Und sie kommt aus einer Zeit, als der Glockenschlag von der Kirchturmuhr noch den Alltag getaktet hat.
Wer wissen wollte, was die Stunde geschlagen hat, musste einfach auf die Kirchenglocken achten.
Denn alle lebten eben rund um die Uhr, um die Kirchturmuhr.

Zeitansage im wahrsten Sinne des Wortes, das ist einmal ureigene kirchliche Angelegenheit gewesen.
Was für ein Service für die Kundschaft, die sich am Sonntag unterm Kirchendach versammelt hat und die Woche über unter allen Dächern die Zeit angesagt bekam.
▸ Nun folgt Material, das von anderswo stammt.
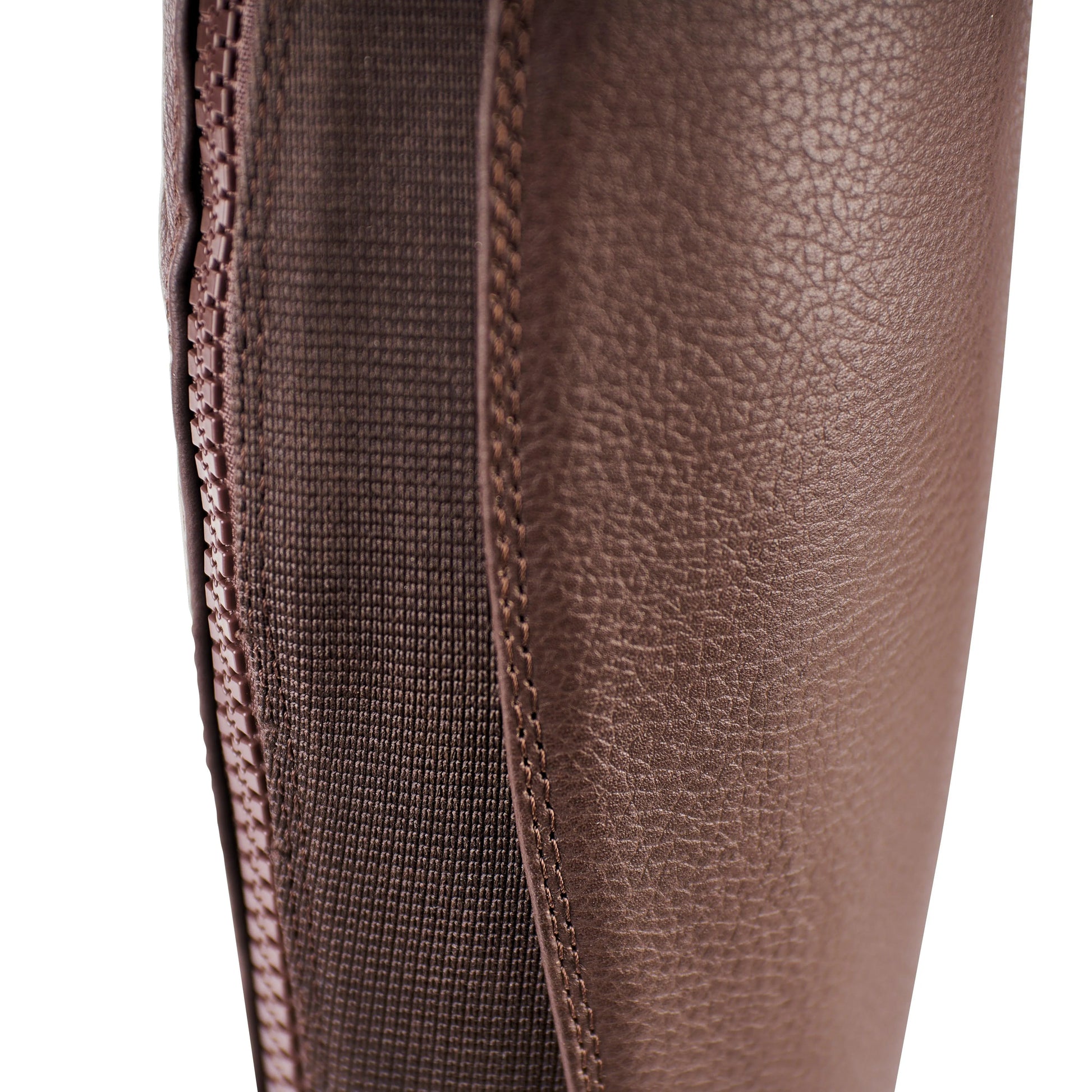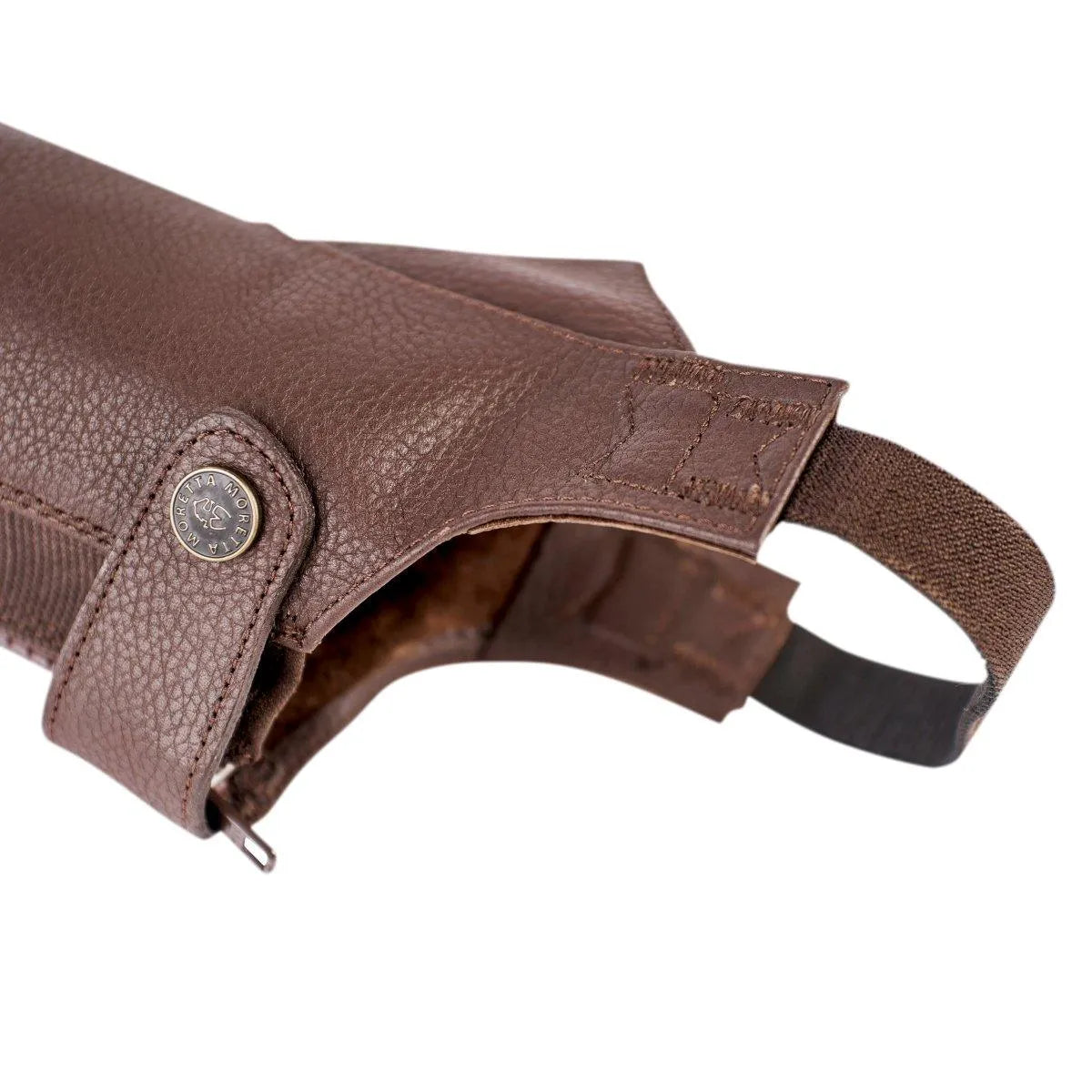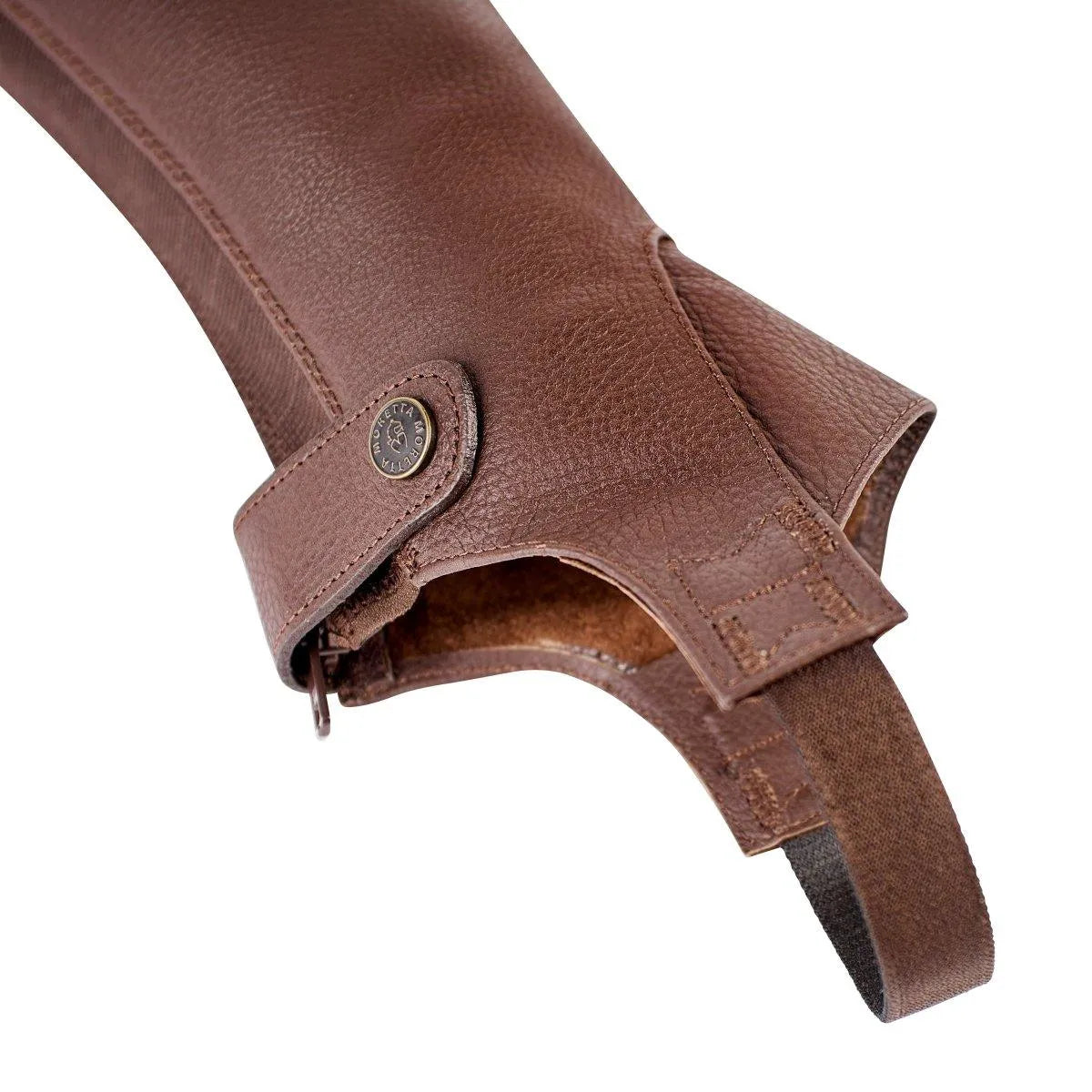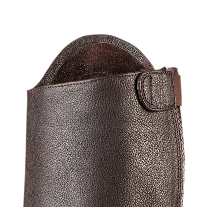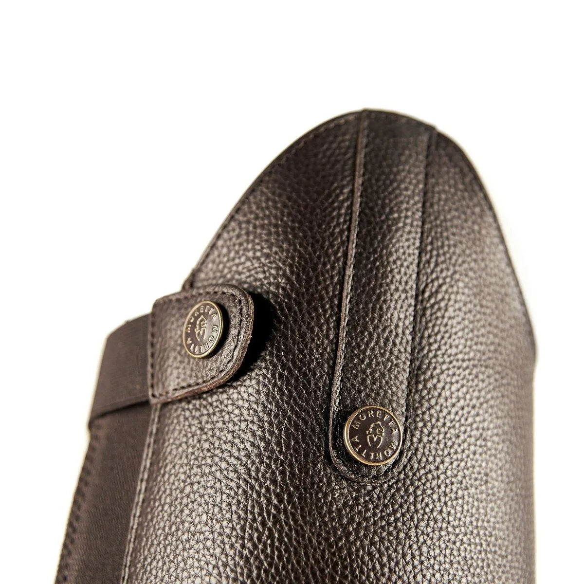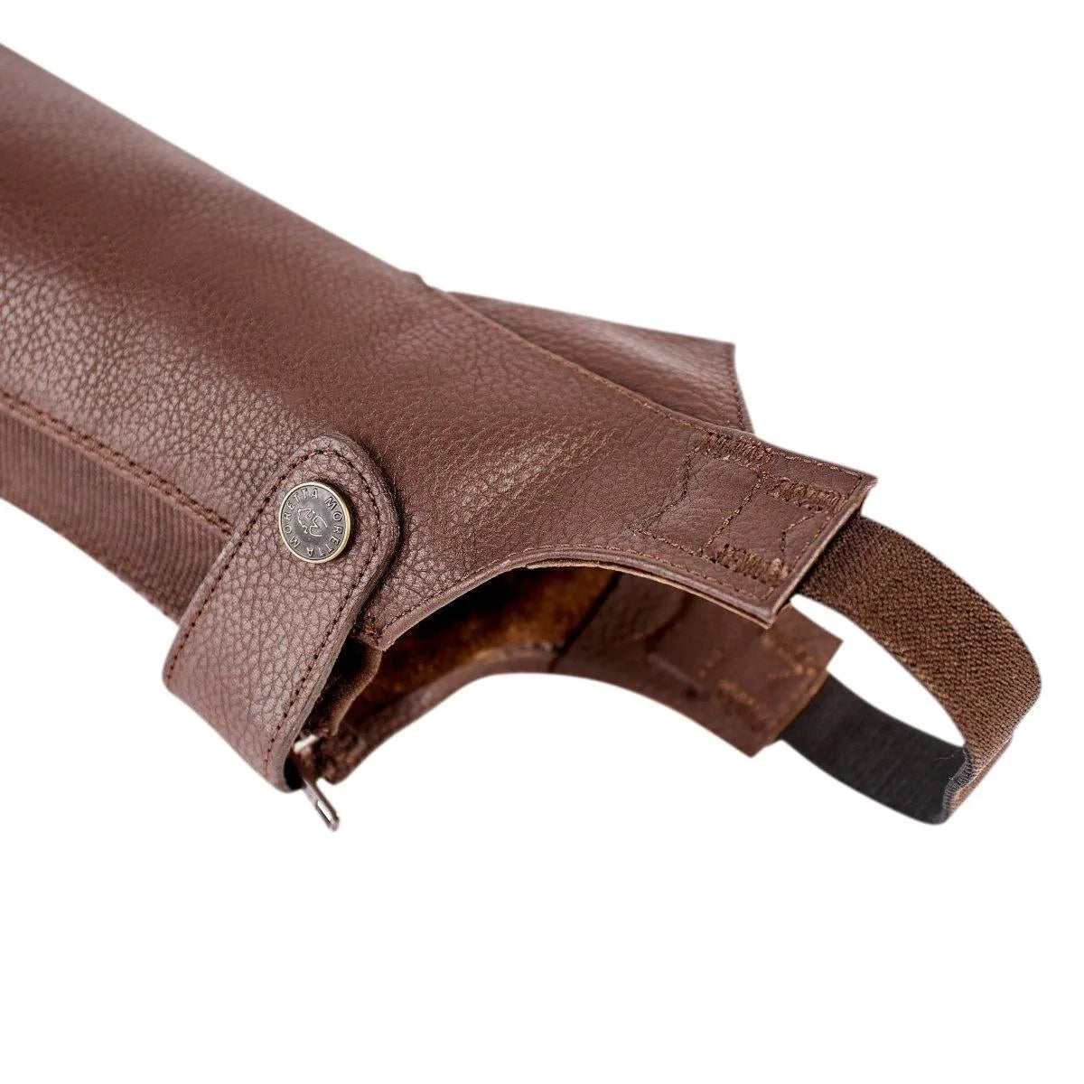 Soft grain leather gaiters to achieve the smart appearance of long riding boots but with the comfort and flexibility of gaiters. Rear elastic calf panels combined with soft leather for a close fit that moulds to the leg, dressage cut tops, full length zips, elastic foot stirrups, stretch zip tidy straps, bound edges.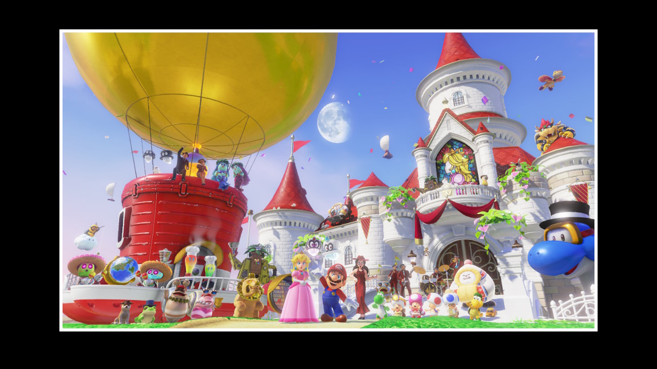 After you’ve nabbed every moon, you can take on Bowser again for a slightly tougher boss fight in the Moon Kingdom. He’ll have a new painting inside the wedding chapel. If you defeat Bowser here, after the credits roll, you’ll get a thank you message from Mario as well as a special postcard with the game’s cast.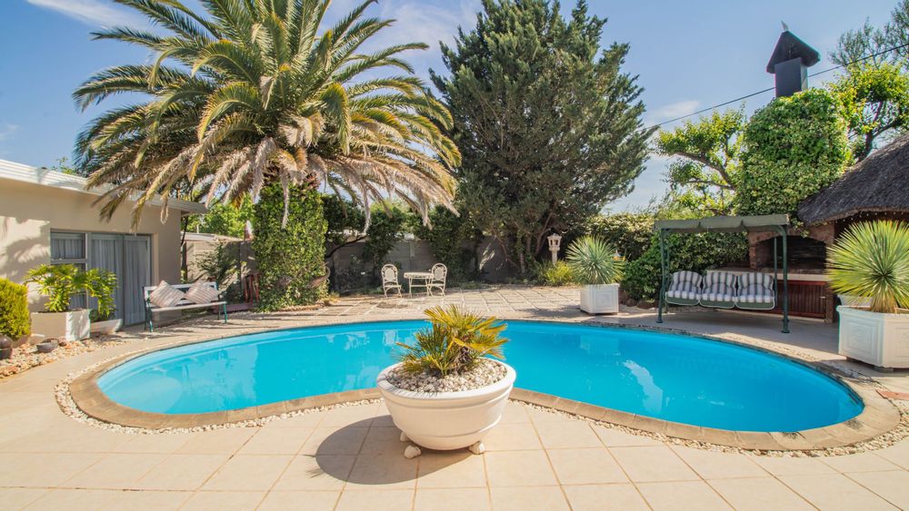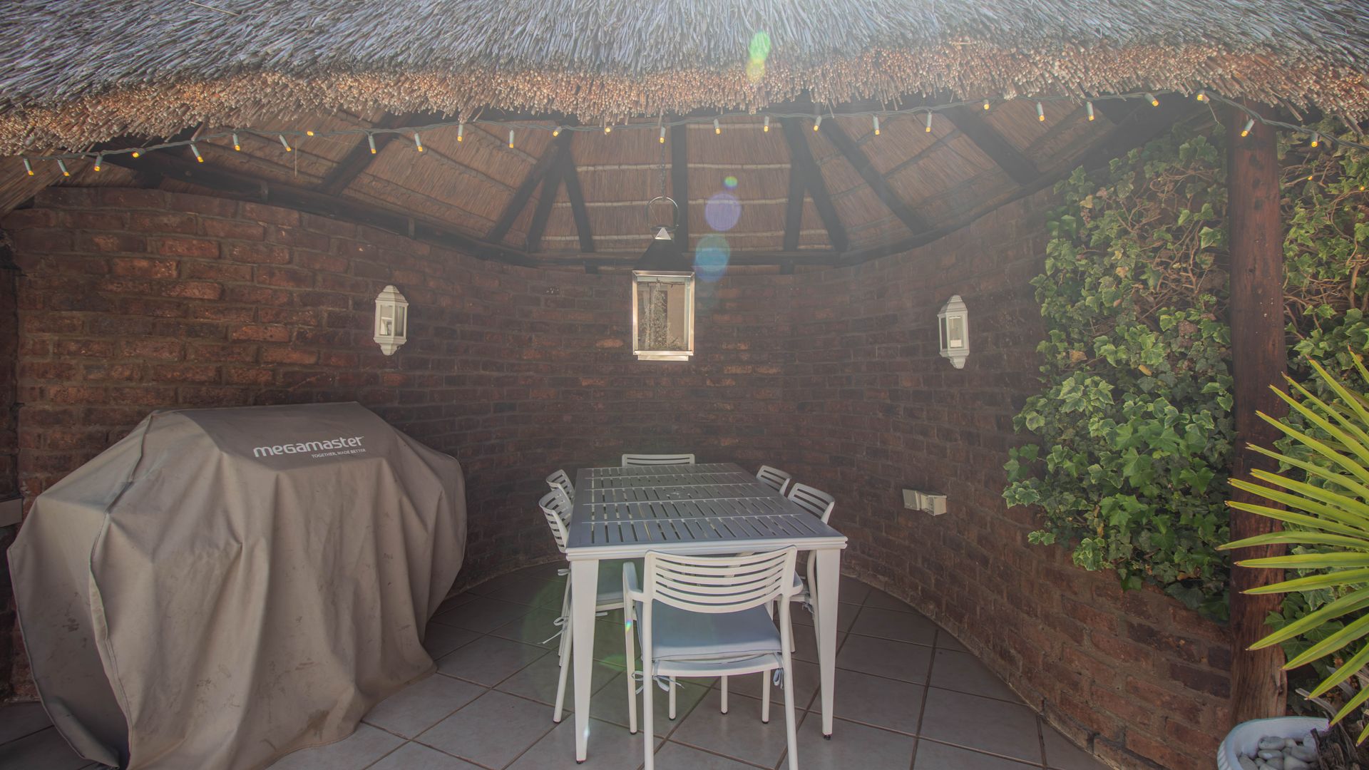An indoor entertainment area with a built-in braai, bar (complete with fridge), and large TV makes this property ideal for year-round entertaining. Two large garages with tiled finishes add practicality and space, while top-tier security features — including a CDK system, palisade fencing, and remote-controlled gate — ensure peace of mind.

Und normalerweise konnte es maximal 12 schlagen. Am Mittag und um Mitternacht. So war die Ordnung. Die 12 galt darum als eine heilige Zahl, als Zahl guter Regelmäßigkeit und göttlicher Regie. Schließlich gibt es 12 Apostel, 12 gute Feen im Märchen, 12 Monate, 12 Sternzeichen, 12 Tag- und Nachtstunden.

Die 13 fällt da raus. Sie ist ein Alarmzeichen. Sie kommt nämlich nach der guten 12 und sprengt den Rahmen der beruhigten Normalität. Daher gilt sie als Unglückszahl. Man vermeidet sie, wo es geht. Kein Hotelzimmer, kein Stockwerk, kein Sitzplatz mit der Nummer 13, wenns geht.

Sagt also jemand empört und aufgeregt:
„Jetzt schlägts aber 13!“ dann ist das ein vielsagender Ausdruck des Protestes und des Widerspruchs. Will sagen: Das geht aber jetzt zu weit!

Es ist sehr spät geworden schon für diese erschütterte Welt mitsamt ihrer Unordnung. Längst nicht mehr 5 vor 12, sondern im Hinblick auf Hunger, Ungerechtigkeit und Krieg vielerorts längst nach 12.

Jetzt schlägts aber 13!
Wie ein mahnender Zeigefinger zeigen die Kirchtürme zum Himmel und rufen uns auf zum Protest  für das Leben.